Putting a single number on a property is a little flawed in itself when you factor in flexible/stubborn sellers, adequate/inadequate marketing, etc. but a single number is required by most lenders. In most cases, a range of values is more appropriate because there are a lot of variables that affect one buyer more or less than another.

I doubt your appraiser put a number on that property that he believed was wrong, although appraisers can often be too optimistic, and I doubt he enjoyed realizing that his previous appraisal was higher than what was offered after 12 months.

You definitely seem knowledgeable in your field, so you know as much as anyone that things are only "worth" what someone is willing to pay, and no appraisal, BPO, or other piece of paper can change that. We definitley don't determine the market, we just try to make educated predictions that should be supported by the market. That being said, there are a lot of sloppy, lazy, or incompetent people in any field, and appraising is not an exception. Hopefully, that appraiser isn't one of them, and his opinion was just "corrected" after realizing his flaws in the previous appraisal.

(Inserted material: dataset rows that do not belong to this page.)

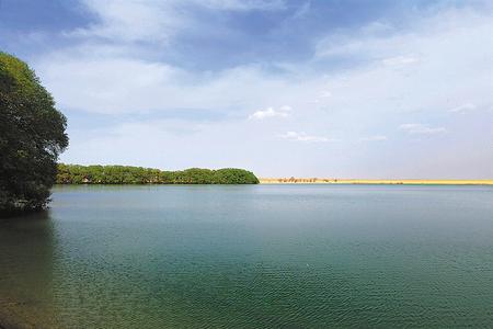 在渥洼池畔舉目遠(yuǎn)眺,在阿爾金山皚皚白雪的映襯下,偌大的渥洼池顯得安靜祥和,廣闊的水域就像一面鏡子,鑲嵌在大漠深處,在陽光的折射下顯得格外深邃而內(nèi)斂。渥洼池畔茂密的灌木林和高大密集的蘆葦蕩,將一汪湖水浸染的泛著黛綠,蘆葦和灌木在湖水滋潤下郁郁蔥蔥,高低錯落有致,大有阡陌縱橫之勢。西岸不遠(yuǎn)處,南北迤邐著一座兩公里有余的沙坡頭,猶如一條盤旋的黃龍,亙在湖水的西邊搖頭擺尾,它曾經(jīng)以每年兩至三米的速度,肆無忌憚地向渥洼池水域逼進(jìn)。不過,在陽關(guān)保護(hù)區(qū)的精心培育下,一片密集的蘆葦,已經(jīng)爬到了沙梁頂上,將這條黃龍死死地鎖在原地,動彈不得。
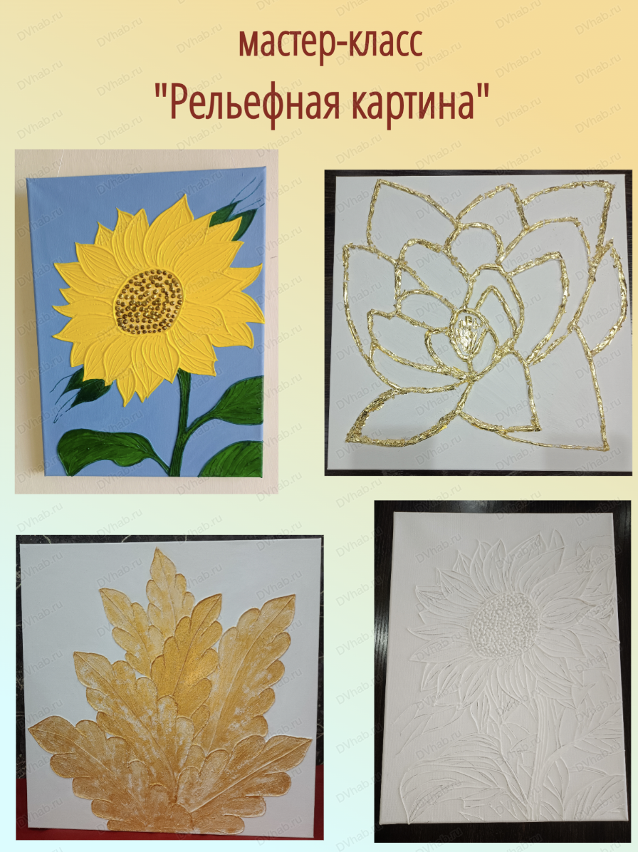 Погрузитесь в мир творчества и создайте уникальное произведение искусства на мастер-классе "Рельефная картина"! Забудьте о рутине и откройте для себя новые горизонты самовыражения. Под чутким руководством опытного мастера вы освоите технику создания объемных картин, используя текстурную пасту, мастихины и другие инструменты.
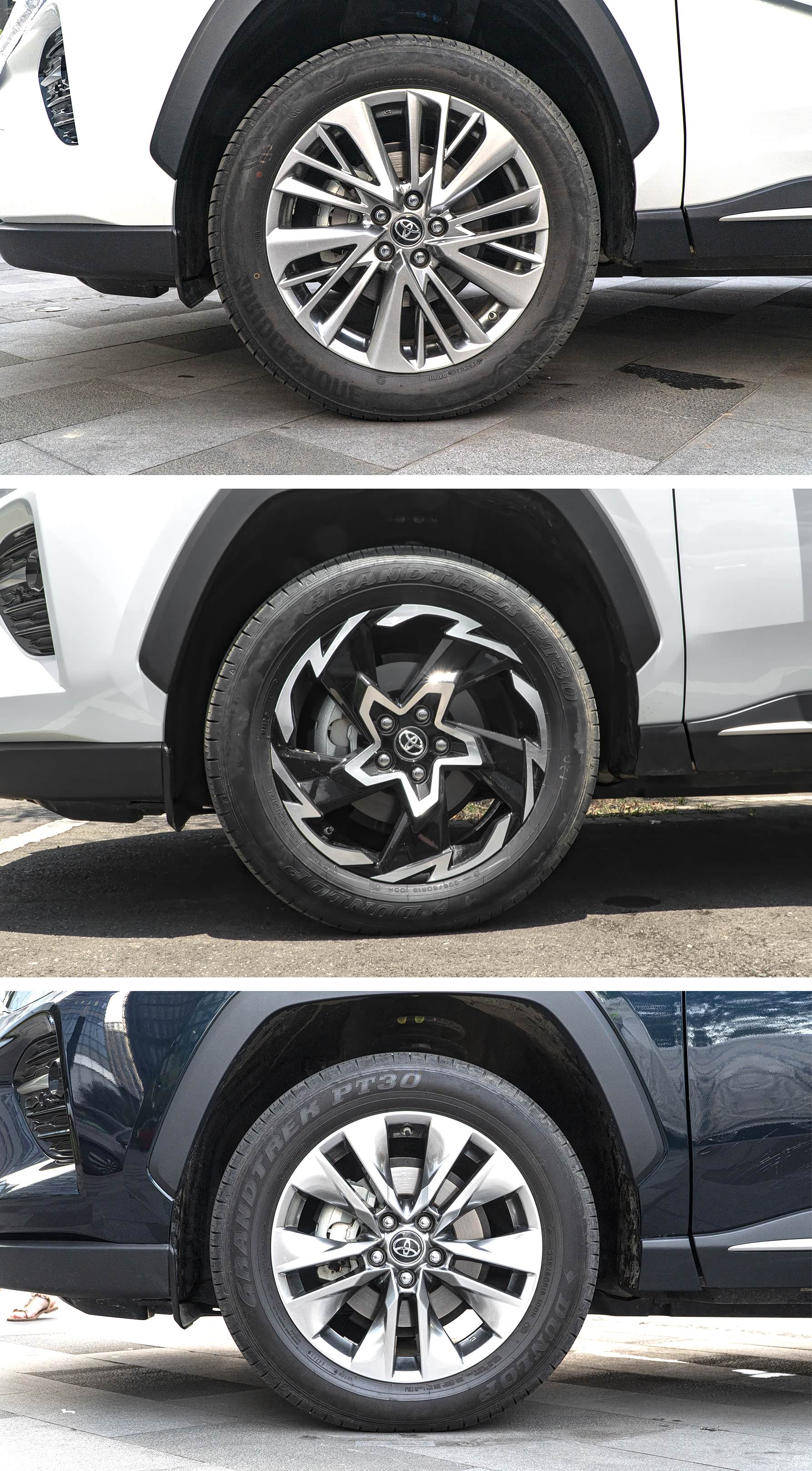 轮毂方面,本次试驾的2.5L双擎四驱豪华版采用的是18寸羚羊角造型轮圈,整体看起来简练大方,与之匹配的是邓禄普GRANDTREK PT30轮胎,尺寸为225/60 R18。科技版和尊贵版车型则会使用18英寸拼色和19寸W型高光轮毂。就现场实车效果来看,三款轮毂各有特色,巡山兄最喜欢19寸W型高光轮毂,在尺寸、造型,工艺上都很有档次感,有点儿雷克萨斯的感觉。
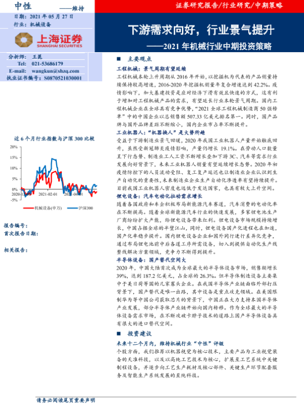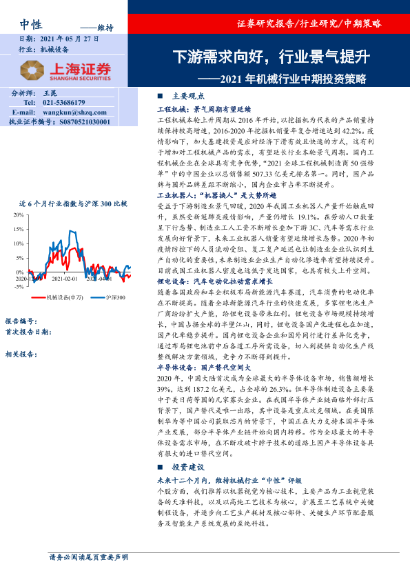 【上海证券】【20210527】2021年机械行业中期投资策略:下游需求向好,行业景气提升-39页
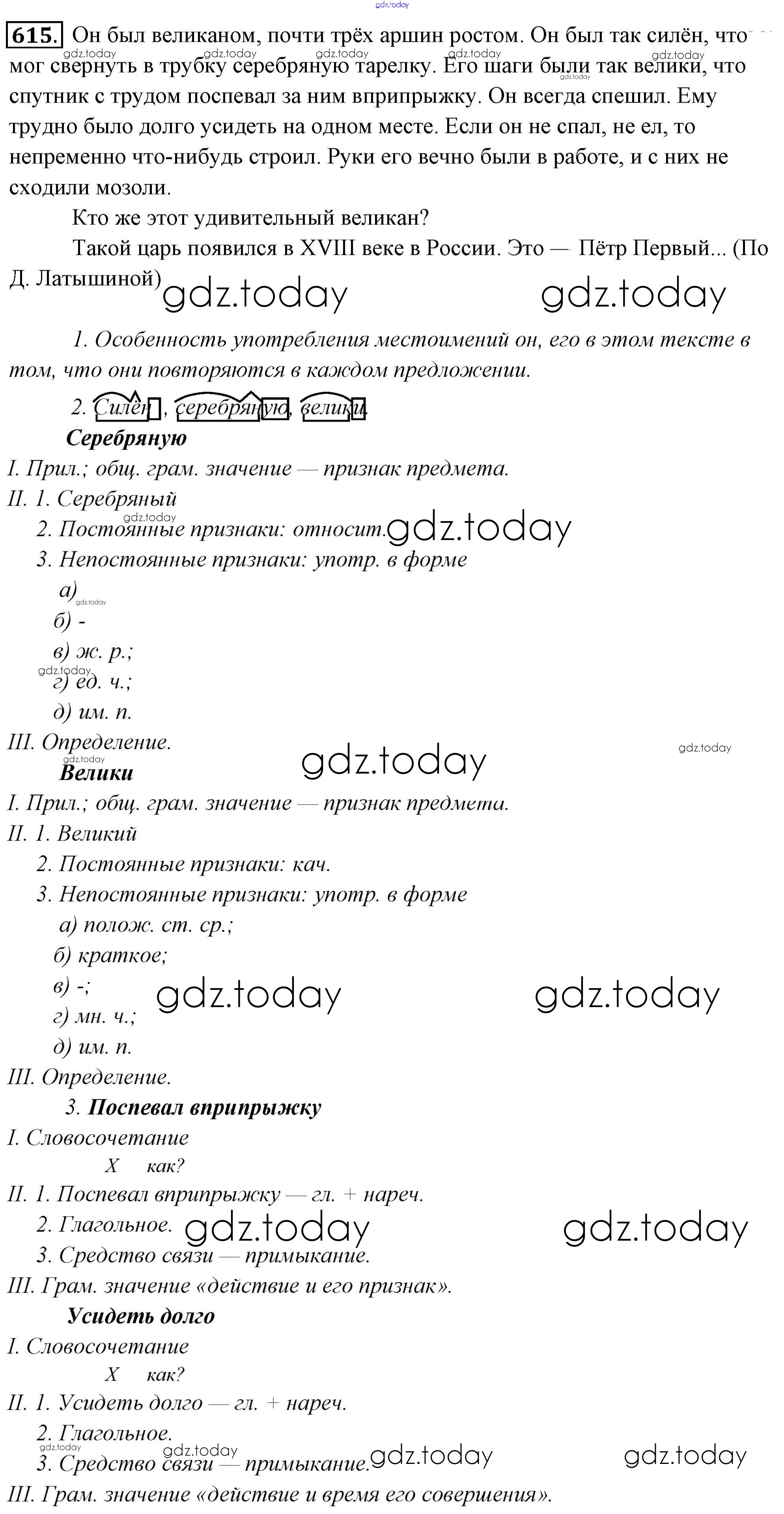 На страницах сайта gdz.today вы найдете учебный и вспомогательный материал, направленный на улучшения знаний школьной программы. ГДЗ - онлайн мир знаний Решение к упражнениям 615 Учебнику по Русскому языку для 6 класса Львова, Львов Мнемозина 2013
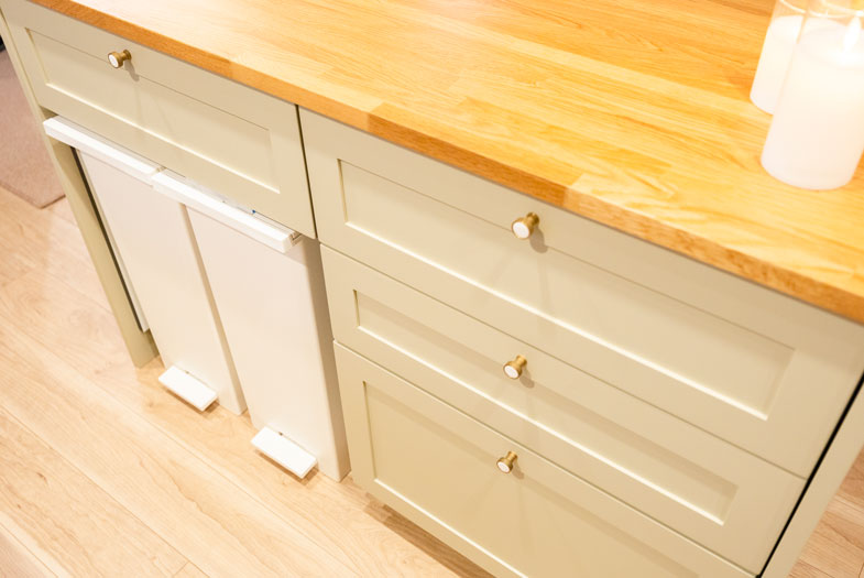 作業台の下は収納用の引き出しとダストボックス用のスペースになっています

As for "always hitting the contract price," it often seems like that's the case, but for every deal of yours that goes through because the appraisal matched, there are others that don't go through (those people really hate appraisers). If all of your appraisals are matching your contract price, there's probably a good chance that you know what you're doing as well.

@Dennis - I'm sure you have figured this out by now but, if your NOI goes down (say due to taxes) so does the property value given the same cap rate.

Example

1.8 Million at 5% cap rate = 90k NOI

1.7 Million at 5% cap rate = 85k NOI

Hope that helps!

I just had a multi family appraisal come back today 70k below current contract amount.  However there were 4 offers on this property significantly higher than the appraisal.  Can I use the other offers as evidenced that the property is worth much more than the appraiser suggest? Also advanced data such as rent per square foot and gross income multiplier are all with in norms for the area. Does anyone have any thoughts. Both seller and buyer agree comps are off.

I have a different perspective as a commercial real estate appraiser with an MAI designation.  It took years of education, experience, a CPA like two day exam, and a college dissertation type demonstration of knowledge sample report to obtain an MAI.  Within the MAI education program we are taught to support, research, and verify all data within the report.

In practice, that doesn't always happen and we all make mistakes (or get lazy)

A stabilized multifamily appraisal should be pretty straight forward with market rents, market expenses, and market derived cap rates.  If the appraiser is pulling all the data from the market (as required) the variance in reasonable value opinions should be low assuming the market has sufficient data.

If a MF property is not stabilized then the variance of values could be very high because the appraiser has to rely upon assumptions.  

The "hit the number" pressure is not nearly as bad as the residential side of the business.  From my personal experience as a commercial appraiser in my small part of the world, value pressure is very rare while on the residential side of the business the pressure is constant with nearly every assignment.

We consistently appraise properties both above and before the contract price because the contract price is not the value of the property (although it is one data point that an appraiser has to work with).